Program WySPA — pomocna dłoń Fundacji NWPM
Jest to autorska i jedna z głównych inicjatyw Fundacji NWPM. Wdrożona została w 2021 r., a pełną parą ruszyła z początkiem 2022 r. Medykom udostępniamy dedykowaną platformę, na której znajdą oni:
- opracowane materiały na temat wypalenia zawodowego przedstawicieli zawodów medycznych;
- wskazówki, jak rozpoznać u siebie syndromy wypalenia, objawy depresji czy stresu pourazowego;
- jak sobie radzić z problemami;
- formy pomocy.
Jednak największą wartością programu WySPA jest dostarczanie realnej pomocy. Platforma jest w rzeczywistości łącznikiem pomiędzy medykami a lekarzami psychiatrami i psychologami. Za jej pomocą można umówić się na konsultacje w formie czatu, spotkania online lub rozmowy telefonicznej. Podany terminarz jest elastyczny i każdy, kto potrzebuje pomocy, z pewnością znajdzie przestrzeń dopasowaną do swoich możliwości.
Jest to pomocna dłoń wyciągnięta w kierunku tych, którzy na co dzień niosą ją innym.
Program WySPA zyskał już uznanie na arenie krajowej i międzynarodowej.
Dołącza do niego coraz więcej świadomych pracodawców. W listopadzie 2022 r. nawiązaliśmy współpracę z firmą FALCK, która jest największym dostawcą usług transportu medycznego w Polsce. W tym roku natomiast rozpoczęliśmy partnerstwo z Doctor.One, który świadczy nowoczesną formę usług medycznych lekarzy pierwszego kontaktu i specjalistów.

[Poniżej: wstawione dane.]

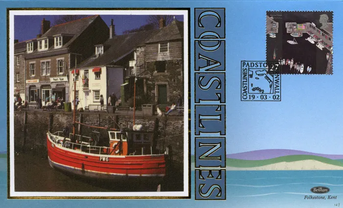 The above Royal Mail Coastlines were issued on 19 March 2002 by Royal Mail and feature the following stamp designs: 1st Studland; 1st Luskentyre; 1st White Cliffs; 1st Padstow; 1st Broadstairs; 1st St. Abb's; 1st Dunster; 1st Newquay; 1st Portrush; 1st Sand-spit. The Padstow Harbour first day cover with the Padstow, Special Handstamp postmark has been produced by Benham and features these stamps which can make a very collectible and lovely gift.

Wierzymy, że to dopiero początek. Świadomość pracodawców i managerów instytucji publicznych rośnie. Tymczasem to zrozumienie jest podstawą do wdrożenia odpowiednich działań, które realnie poprawią stan przedstawicieli służb medycznych. To konieczne dla ich i dla naszego (pacjentów) zdrowia.